# EXERCISE DESCRIPTION
Reproduce the listing below character for character; drop every image.

# DATASET EXCERPT
☆ ☆ ☆
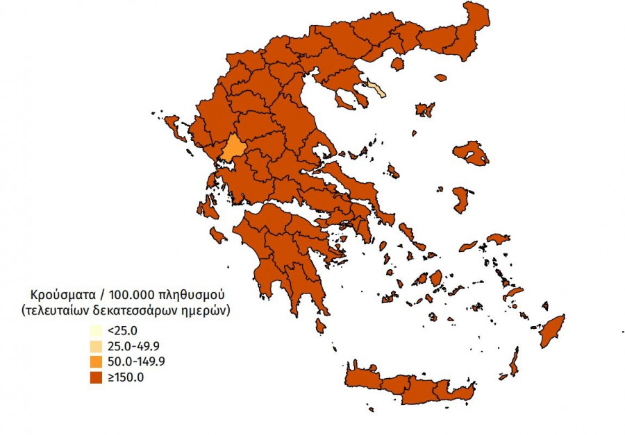 Γεωγραφική διασπορά: Ο χάρτης αποτυπώνει τη γεωγραφική κατανομή των συνολικών κρουσμάτων COVID-19 (από την αρχή της επιδημίας) ανά Περιφερειακή Ενότητα της χώρας, με βάση την δηλωθείσα διεύθυνση μόνιμης κατοικίας του ασθενούς, ή τη διεύθυνση προσωρινής διαμονής για τους τουρίστες και άλλους προσωρινά διαμένοντες στην Ελλάδα. Συμπεριλαμβάνονται τόσο κρούσματα με ιστορικό ταξιδίου (“εισαγόμενα”) όσο και κρούσματα με πιθανή εγχώρια μετάδοση.
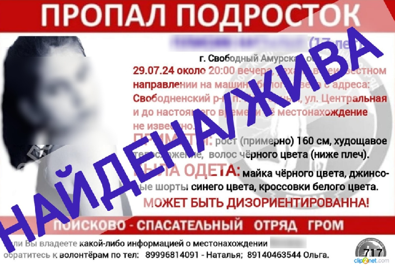 В Свободненском районе найдена живой пропавшая 17-летняя девушка
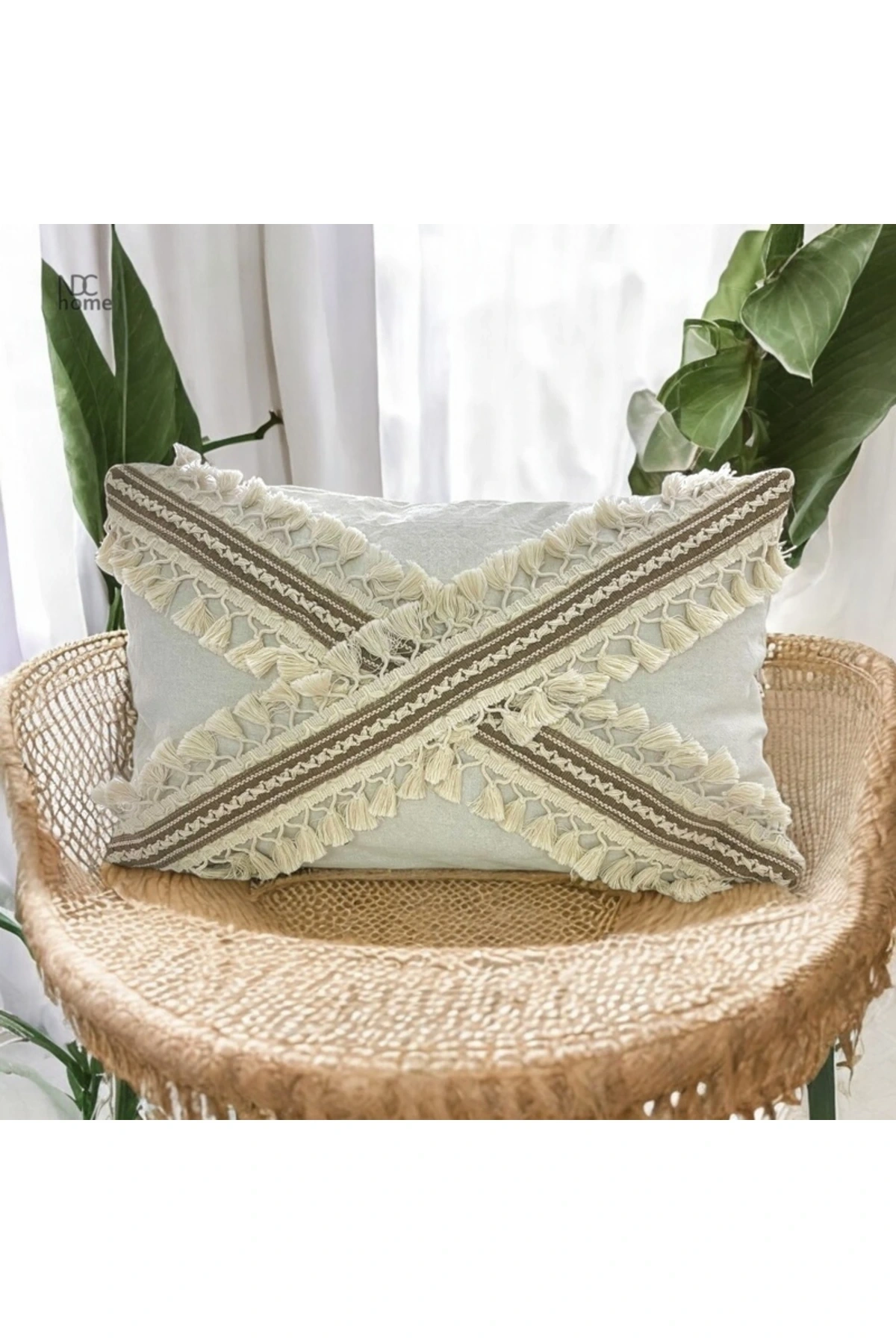 Ham Keten Baklava Mozaik Püsküllü Kırlent Kırlent Kılıfı 35x55
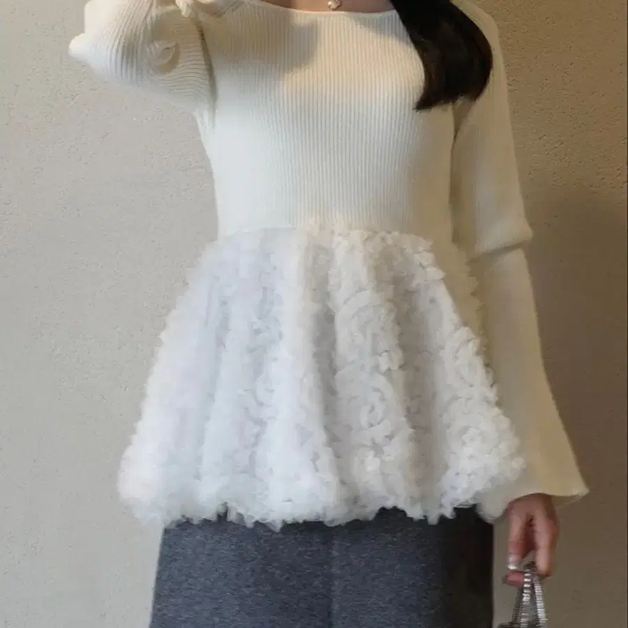 [ JUNOAH ] 튤 페플럼 도킹 니트
☆ ☆ ☆
# EXERCISE ANSWER
 Γεωγραφική διασπορά: Ο χάρτης αποτυπώνει τη γεωγραφική κατανομή των συνολικών κρουσμάτων COVID-19 (από την αρχή της επιδημίας) ανά Περιφερειακή Ενότητα της χώρας, με βάση την δηλωθείσα διεύθυνση μόνιμης κατοικίας του ασθενούς, ή τη διεύθυνση προσωρινής διαμονής για τους τουρίστες και άλλους προσωρινά διαμένοντες στην Ελλάδα. Συμπεριλαμβάνονται τόσο κρούσματα με ιστορικό ταξιδίου (“εισαγόμενα”) όσο και κρούσματα με πιθανή εγχώρια μετάδοση.
 В Свободненском районе найдена живой пропавшая 17-летняя девушка
 Ham Keten Baklava Mozaik Püsküllü Kırlent Kırlent Kılıfı 35x55
 [ JUNOAH ] 튤 페플럼 도킹 니트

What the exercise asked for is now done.